The state rested its case on August 19, 2026, and the defence likewise rested its case on the same day without summoning any witnesses, and closing submissions were scheduled for the following morning of August 20, 2026.

On August 20, 2026, during the closing submissions phase, the prosecution urged the jury to convict Crum of murder, citing that the defendant was connected to the case through the evidence, including testimonies from his own son and three other people who heard him confess to the crime, the uncanny similarities between the Odom case and the January 1992 rape case, both of which were linked to Crum via DNA testing, and the witness description of the truck that fitted Crum's truck which he owned at the time of the killing. The prosecution further alluded to the brutal nature of Odom's death and severity of her injuries in their submissions. On the other hand, the defence argued that there was no physical evidence linking Crum to the crime and attempted to impeach the credibility of the witnesses who heard Crum's confessions by pointing out their backgrounds (most of whom were convicted felons). The defence also stated that the similarities between Odom's murder and the January 1992 rape case should not be used as proof that Crum was the same perpetrator in both cases.

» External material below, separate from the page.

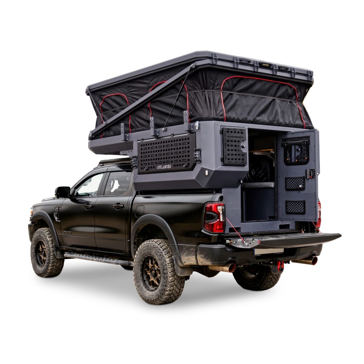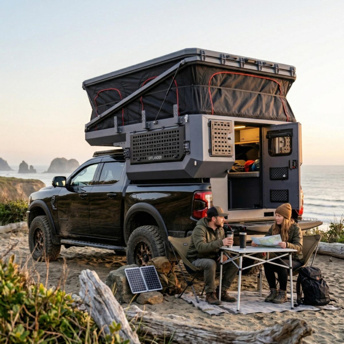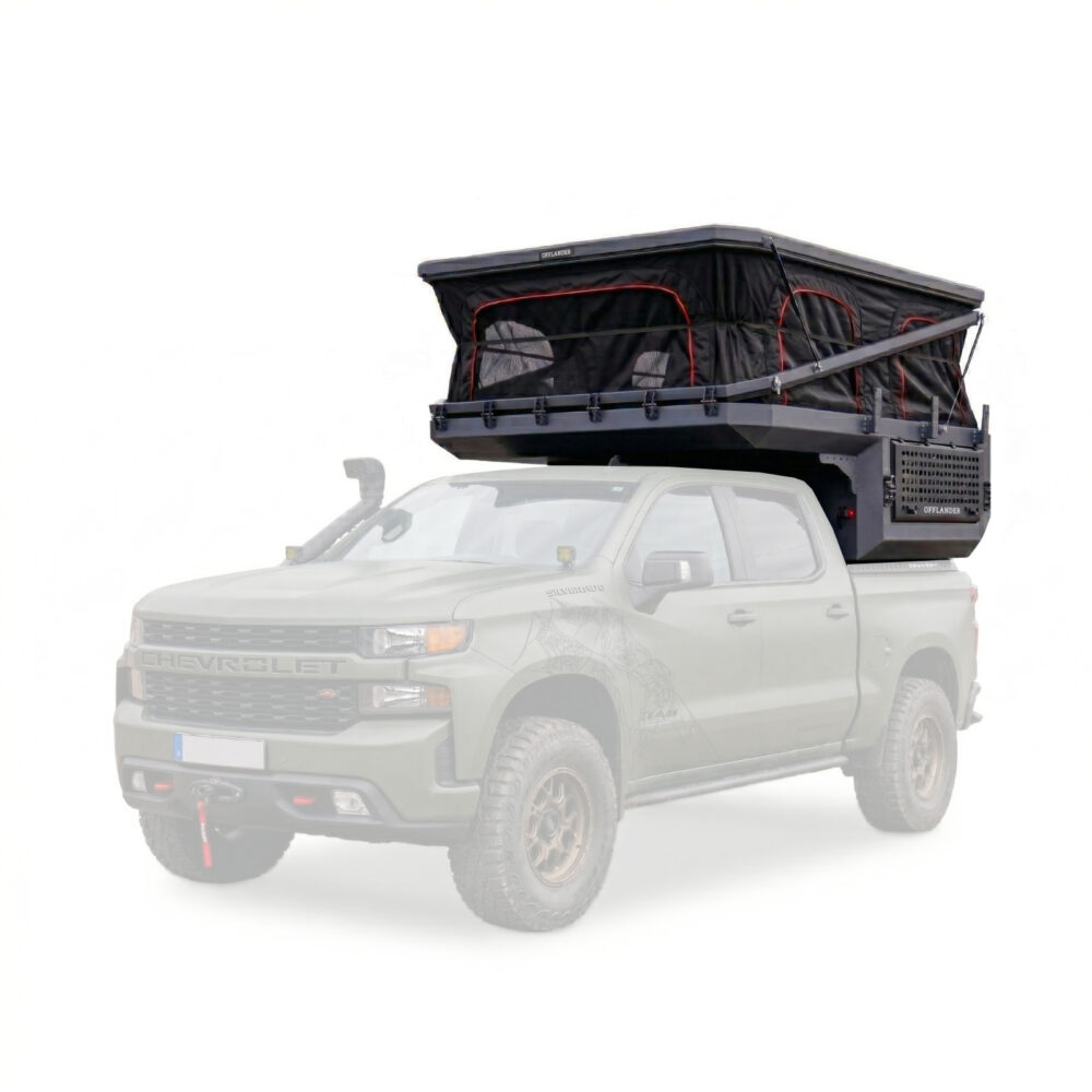 OFFLANDER DUNA US to nietuzinkowa i odważna konstrukcja, stworzona dla tych, którzy chcą w pełni wykorzystać potencjał potężnych amerykańskich pickupów typu Full-Size (RAM 1500, Ford F-150, Toyota Tundra). Zaprojektowana specjalnie pod krótkie paki o długości ok. 170 cm (5,5″), stanowi idealne dopełnienie szerokich i masywnych sylwetek amerykańskich legend, nadając im wyprawowego sznytu bez utraty ich surowego charakteru. Fundamentem wytrzymałości tej kabiny jest pancerne aluminium o grubości 3 mm, które pozwala zachować optymalne właściwości jezdne auta w trudnym terenie. Zastosowana trójwarstwowa izolacja o grubości 30 mm zapewnia komfort w każdych warunkach pogodowych, a innowacyjny dach hybrydowy gwarantuje stabilność konstrukcji oraz cenną, dodatkową przestrzeń transportową.

On the same day, Crum was found guilty of first-degree murder, kidnapping and sexual battery by the jury, after they spent more than five hours to deliberate the case. A sentencing trial was scheduled four days later on August 24, 2026.

===Penalty phase===
On August 24, 2026, Crum's sentencing phase began before the same 12-member jury, who were tasked with deciding between life without parole or the death penalty for Crum. Under Florida state law, Crum faces a potential death sentence if at least eight jurors voted to sentence him to death.

On August 25, 2026, on what would have been Odom's 46th birthday, the jury unanimously voted to sentence Crum to death after deliberating for just over two hours.